Savelli’s job, along with other OAs, was to put a copy of the Student Handbook in the gift baskets the freshmen would receive on move-in day.

“About halfway through [handing them out], we ran out of handbooks, so about half of the freshmen got a handbook and half did not,” Savelli said.

Freshman athletic training major Bethany Pildner was among one of the students who received a handbook and has admitted that she has not yet read it.

“[The administration] only stressed to us that the school is a dry campus,” said Pildner. “They only told us at our second dorm meeting about how there were a lot of incidents last year with people getting in trouble and that’s when they told us about [the judicial process].”

“[The administration] said last year that it was a selected amount of students and that it was a student body without faculty who would bode in what your fate was,” Savelli said about faculty being added to the committee.  “As your peers, [the students of the judicial committee] would be more understanding and accepting, but I think it depletes the whole purpose of the council to have faculty and staff.”

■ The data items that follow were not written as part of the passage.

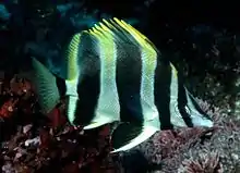 The Lord Howe Island butterflyfish (Amphichaetodon howensis) is a butterflyfish of the family Chaetodontidae, found along the east coast of Australia, around Lord Howe Island, and down the east coast of Northland in New Zealand, at depths of between 10 and 150 m. They are up to 20 cm long with black and yellow/white vertical stripes.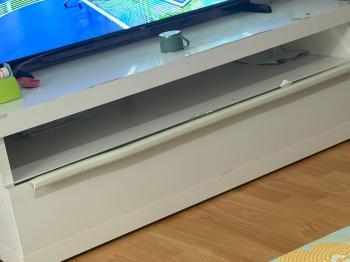 I have tv unit in white colour. It has drawer for storage and also open storage shelf. It has minimal wear and tear marks but in very good condition.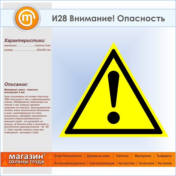Знак «Внимание! Опасность», И28 (пластик, сторона 300 мм) в Фрязино купить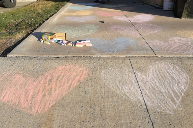 哈利法克斯顶峰大街上的粉笔心:人们纪念上周末22人被谋杀的悲剧的一种小方式。照片:巴特勒艾丽卡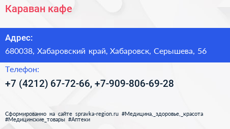 Караван, кафе по адресу 680038, Хабаровский край, Хабаровск, Серышева, 56 в дальнейшем Организация, размещена в следующих категориях:

A few policies outlined in the handbook for the 2013-2014 school year are the pet policy, which states that students cannot have a pet with hair, fur or feathers.

Another policy outlines student residence, which states that all intercollegiate athletes are required to live on campus and all other students enrolled at the Demorest campus must reside on campus.

Some exceptions include if students are married, divorced, widowed with dependents or are of the age of 21 on the first day of registration for the fall term.

Students are usually made aware of these policies and others during Freshmen Orientation and Welcome Week.

If students wish to access the handbook online to learn more about the policies mentioned above and others, it takes approximately three clicks to reach it.

First, students should go to piedmont.edu and then click “Current Students” on the left side bar.

Then, students should click the “Student Services” link located on the left side.

On the Student Services page, they should click Student Handbook on the bottom-left.

“[The handbook is] kind of a binding agreement between the institution and the students,” Davis said. “These are our policies; these are what students should adhere to while they are enrolled at Piedmont College.”